Dataset excerpts
● ● ●

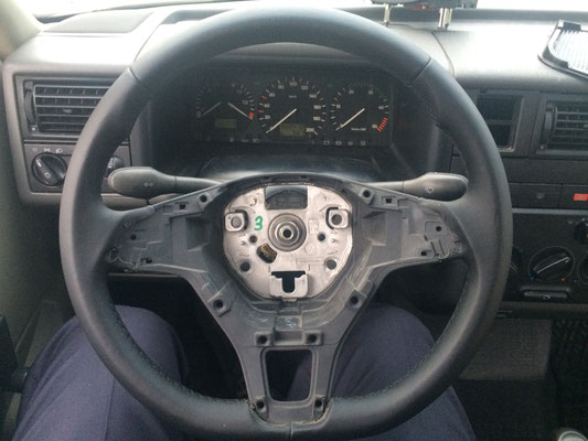 Mein alter T4 hatte ein völlig abgenutztes Lenkrad, das natürlich auch nicht über einen Airbag verfügte. Das gestaltete den Aus- und Umbau deutlich einfacher und brachte auch ein großes Maß an Rechtssicherheit. Da man ja nicht ohne weiteres mit Sprengmitteln hantieren darf und auch ein falscher Airbag im falschen Auto nicht funktioniert bzw. großen Schaden anrichten kann. Kein Airbag, kein Problem.
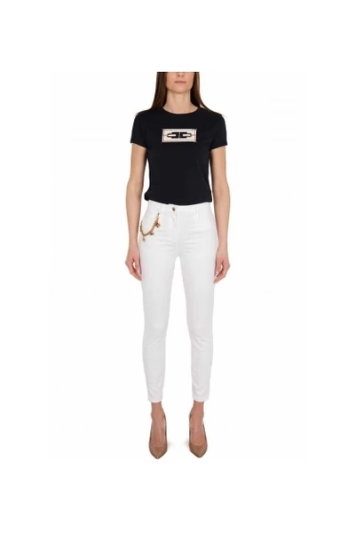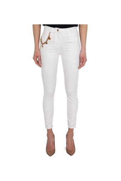 Hoog -geschreven skinny jeans in stier denim canvas met ketting en hangers details sluiten met zip- en knoopkleding
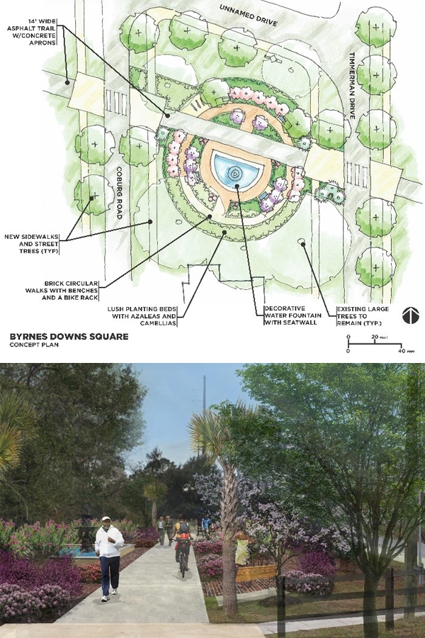 An example of a quick, charrette-produced plan to make an existing roadway more bicycle and pedestrian friendly, and an existing parking lot more of a park-like place. / image: Daniel Ashworth
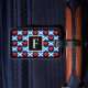 Make your own personalized luggage tags for anyone who loves the country of Scotland. Featuring a unique checkered pattern with the Scottish national flag and red hearts on black squares. With a custom text box where you can type in your own initial or any other letter (or number) you might want. Just click to personalize the template and replace the placeholder text with your own. These are great for patriotic Scottish people who like to travel, and for people planning a trip to beautiful Scotland!
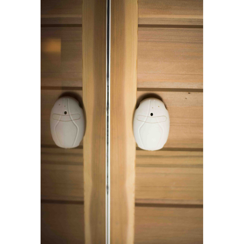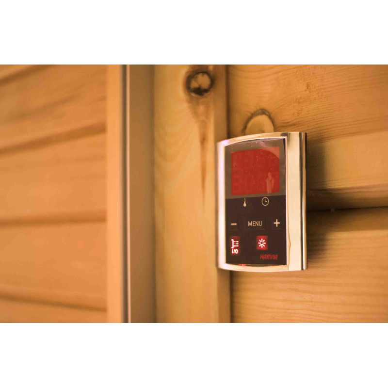 Die Wände und Decke der Sauna sind aus hochwertigstem Zedernholz, die Sitzbänke aus hochwertigstem Lindenholz.

● ● ●

What the task requires -
Each line of the data must be restated exactly, and the pictures must be left out.

Solution to the exercise -
 Mein alter T4 hatte ein völlig abgenutztes Lenkrad, das natürlich auch nicht über einen Airbag verfügte. Das gestaltete den Aus- und Umbau deutlich einfacher und brachte auch ein großes Maß an Rechtssicherheit. Da man ja nicht ohne weiteres mit Sprengmitteln hantieren darf und auch ein falscher Airbag im falschen Auto nicht funktioniert bzw. großen Schaden anrichten kann. Kein Airbag, kein Problem.
 Hoog -geschreven skinny jeans in stier denim canvas met ketting en hangers details sluiten met zip- en knoopkleding
 An example of a quick, charrette-produced plan to make an existing roadway more bicycle and pedestrian friendly, and an existing parking lot more of a park-like place. / image: Daniel Ashworth
 Make your own personalized luggage tags for anyone who loves the country of Scotland. Featuring a unique checkered pattern with the Scottish national flag and red hearts on black squares. With a custom text box where you can type in your own initial or any other letter (or number) you might want. Just click to personalize the template and replace the placeholder text with your own. These are great for patriotic Scottish people who like to travel, and for people planning a trip to beautiful Scotland!
 Die Wände und Decke der Sauna sind aus hochwertigstem Zedernholz, die Sitzbänke aus hochwertigstem Lindenholz.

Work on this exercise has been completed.